About this task:
Skip all pictures. Write out the data below from its first line through the line that contains "Статистика заболеваемости раком".
======== Supplied information
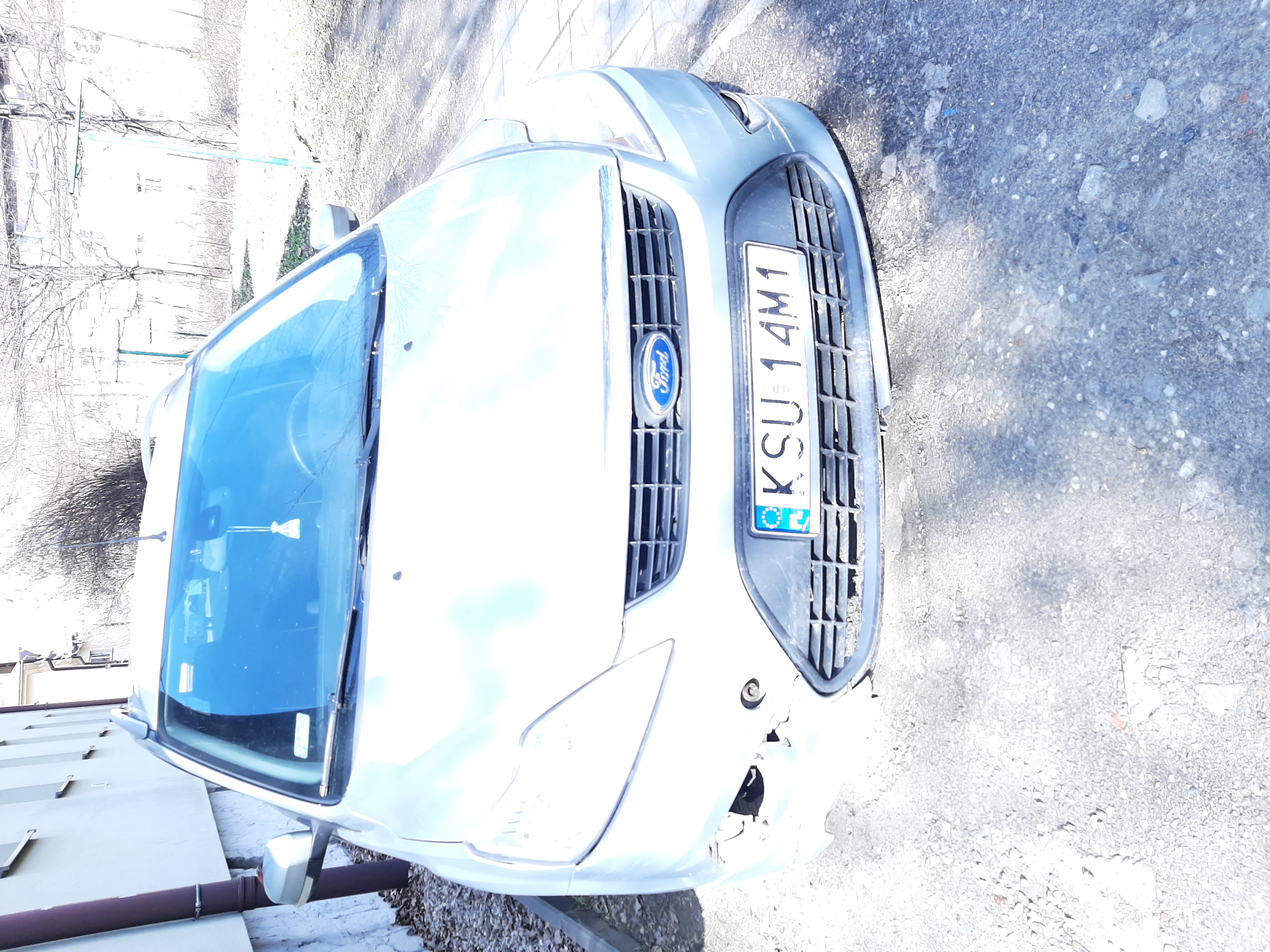Samochód osobowy Ford Focus w kolorze srebrny metalik. Pojazd jest uszkodzony, poprzebijane opony.
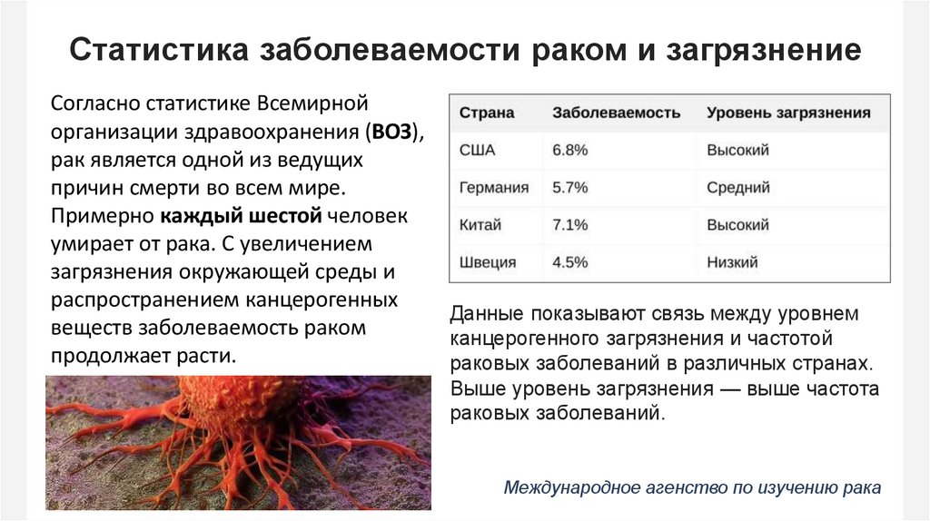 Статистика заболеваемости раком и загрязнениеСогласно статистике Всемирной
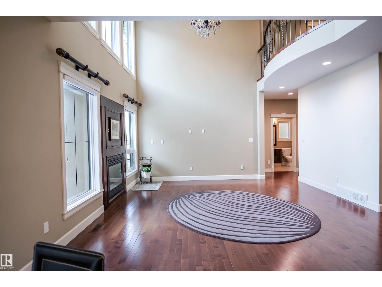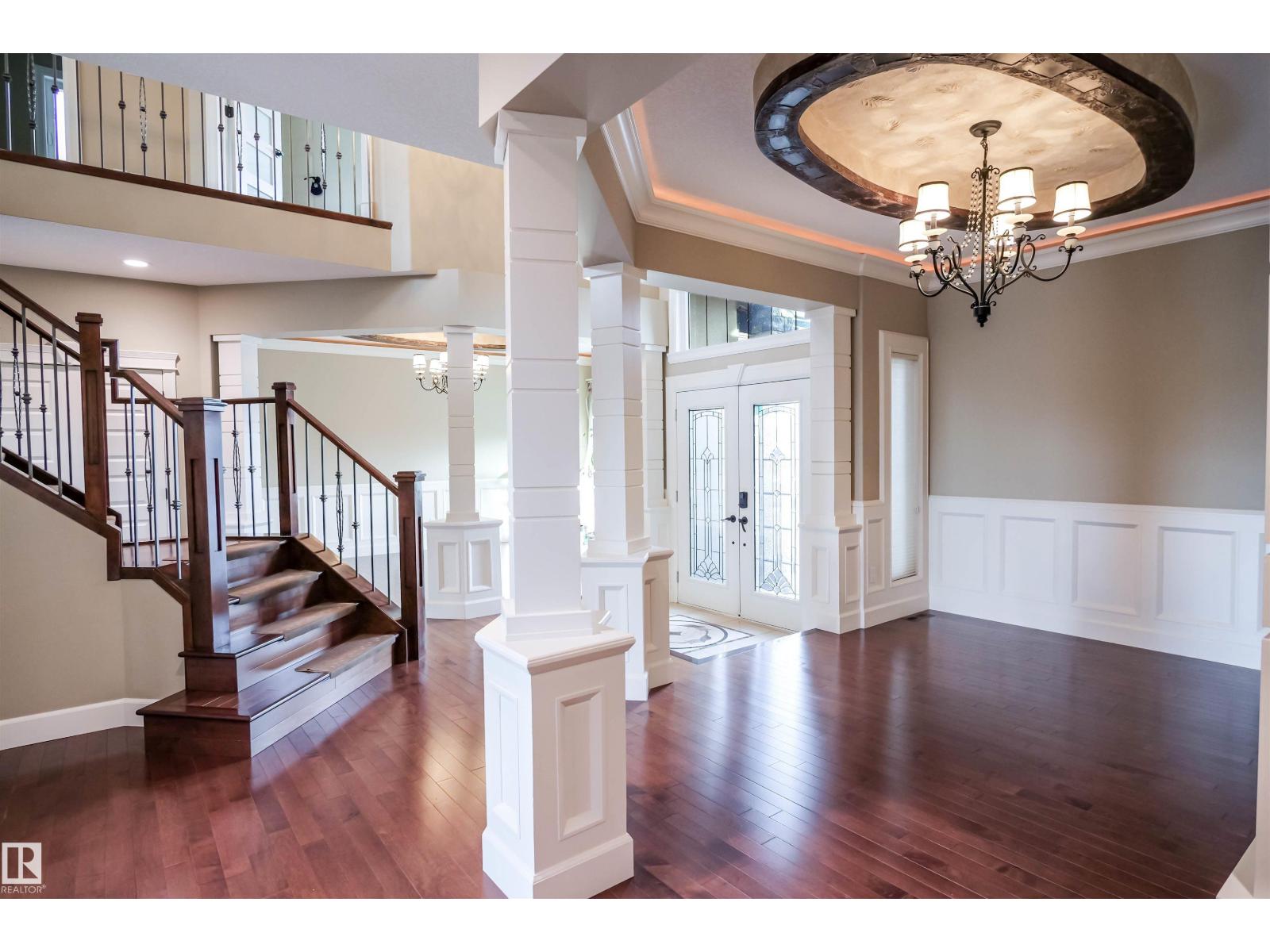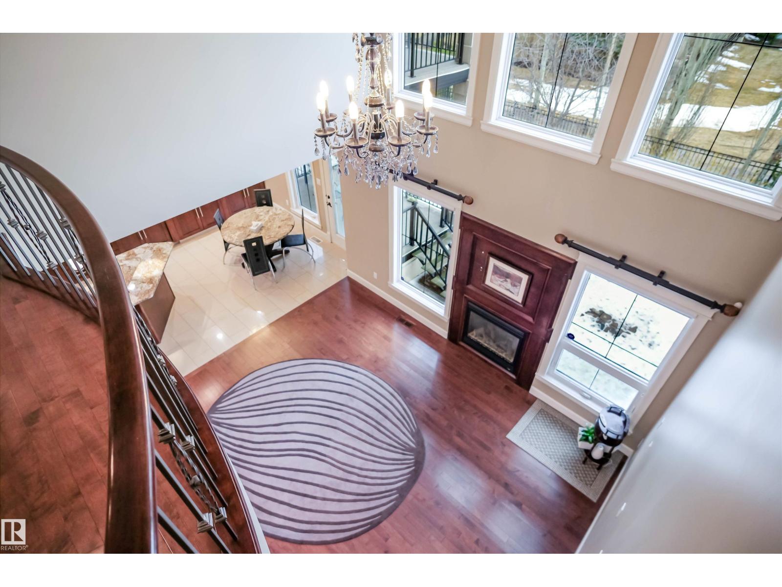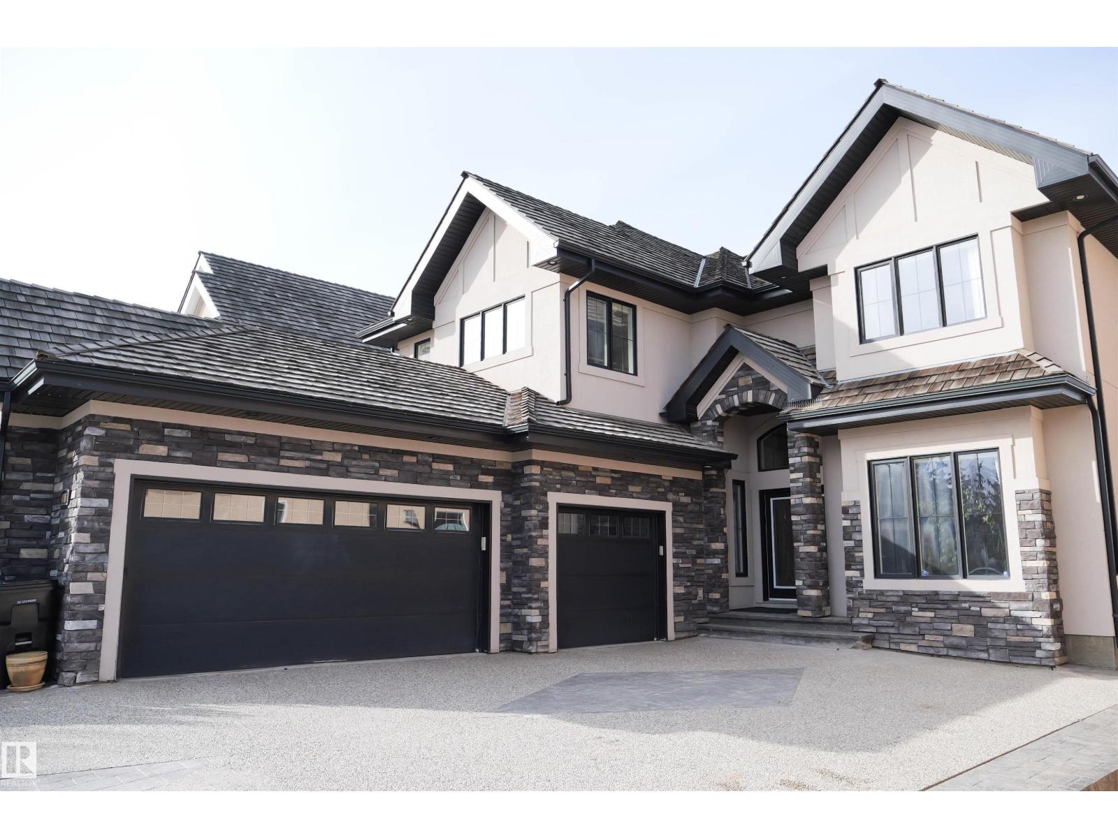 Sunny with stunning water view at Mactaggart! This FAMILY HOME offers 3 levels of upscale living, a TRIPLE garage, and a fenced yard in one of Edmonton’s most prestigious communities. Step inside to soaring 24’ coffered ceilings, grand double doors, and high-end finishes throughout. The gourmet kitchen features built-in appliances, granite countertops, a massive island, and a separate spice kitchen. Enjoy breathtaking views from the family room, highlighted by a statement fireplace and large windows. Main floor includes a bedroom and full 4pc bath, ideal for guests or extended family. Upstairs offers 4 spacious bedrooms and 3 full baths. The primary retreat boasts a private balcony, fireplace, and spa-inspired 6pc ensuite with walk-in closet. The professionally finished basement features HEATED FLOORS, 2 additional bedrooms, a theatre room wired for 7.1 surround sound, wet bar, wine room, gym area, and full bath. Exceptional design property with Direct access to scenic walking trails & parks. (id:63190)
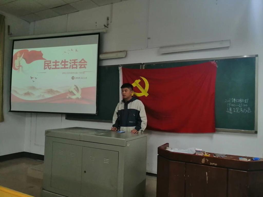 2019年12月10日晚七点,建筑工程学院学生党支部民主生活会在红楼107(一支部)、108(二支部)顺利召开。本次会议主要围绕“不忘初心、牢记使命”这一主题而展开,结合党的十九大精神进行贯彻学习。
================
Exercise response:
Samochód osobowy Ford Focus w kolorze srebrny metalik. Pojazd jest uszkodzony, poprzebijane opony.
 Статистика заболеваемости раком и загрязнениеСогласно статистике Всемирной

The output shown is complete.